Single by Cake

from the album Prolonging the Magic
- Released: 1999
- Recorded: 1998
- Genre: Alternative rock
- Length: 4:44
- Label: Capricorn Records
- Songwriter: John McCrea
- Producer: Cake

Cake singles chronology
| "Never There" (1998) | "Sheep Go to Heaven" (1999) | "Short Skirt/Long Jacket" (2001) |

= Sheep Go to Heaven =

"Sheep Go to Heaven" is a single by American alternative rock band Cake from their 1998 album Prolonging the Magic. The song's title references the parable of The Sheep and the Goats from Chapter 25 of the Gospel of Matthew. The lyrics state "so astutely" that the good go to everlasting life, while the evil will go away with Satan and his avatars. The lyrics invoke the belief in justice and Armageddon, as well as "Hotel California": a "smell of Karma was heavy in the air."

==Critical reception==
In a mixed, standalone review of the song, Billboard wrote that while it’s "a catchy novelty track," it ends “like a campfire ditty….”

==Track listing==

| No. | Title | Length |
|---|---|---|
| 1. | "Sheep Go to Heaven (Edit)" | 3:47 |
| 2. | "Never There (Live)" | 3:23 |
| 3. | "Is This Love? (Live)" | 4:30 |
| 4. | "Sheep Go to Heaven" | 4:44 |

== Personnel ==

- John McCrea – vocals, rhythm and acoustic guitar, piano
- Vincent DiFiore – trumpet, percussion, backing vocals
- Gabriel Nelson – bass, backing vocals
- Todd Roper – drums, percussion, backing vocals
- Chuck Prophet – guitar

==Music video==
The music video for "Sheep Go to Heaven" is animated in a style reminiscent of South Park, and features members of Cake dressed as a Kiss cover band, playing in a sports bar. A disgruntled employee of a greeting-card company enters the sports bar with a machete, and massacres the crowd, sending the band to Heaven. Later, the employee is convicted, executed, and sent to Hell.
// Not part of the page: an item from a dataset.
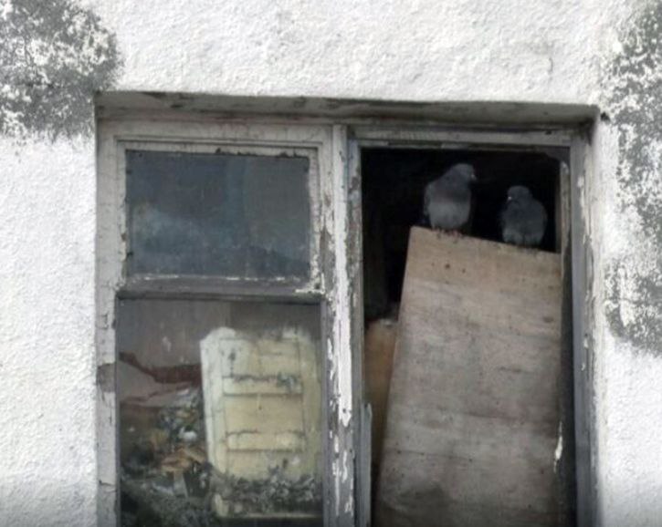 По рассказам соседей, много лет назад в квартире был пожар. Жильцы заколотили окно досками и съехали в другое жилье, которое им предоставил муниципалитет. Птицы воспользовались слабой степенью забитости оконного проема (дырой) и въехали в освободившиеся хоромы. Так и живут до сих пор.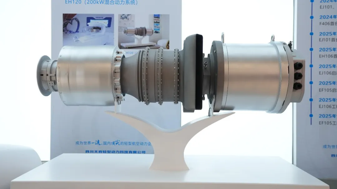 EH106M是一款60千瓦级混合动力系统,具有重量轻、结构紧凑、成本低的特点,最大功率80kW,耗油率0.65kg/(kW·h),寿命300h,发动机干质量35kg,主要用于大型无人机空中供电吊舱、200—1000公斤eVTOL的增程器。

The video was directed by Mark Kornweibel.

==Chart positions==
The song debuted on the Modern Rock Tracks (or Alternative rock) charts on February 20, 1999, peaking at the 16th slot, staying up for 14 weeks, and being the second highest ranking song of the album and the band’s fifth highest-ranking single ever.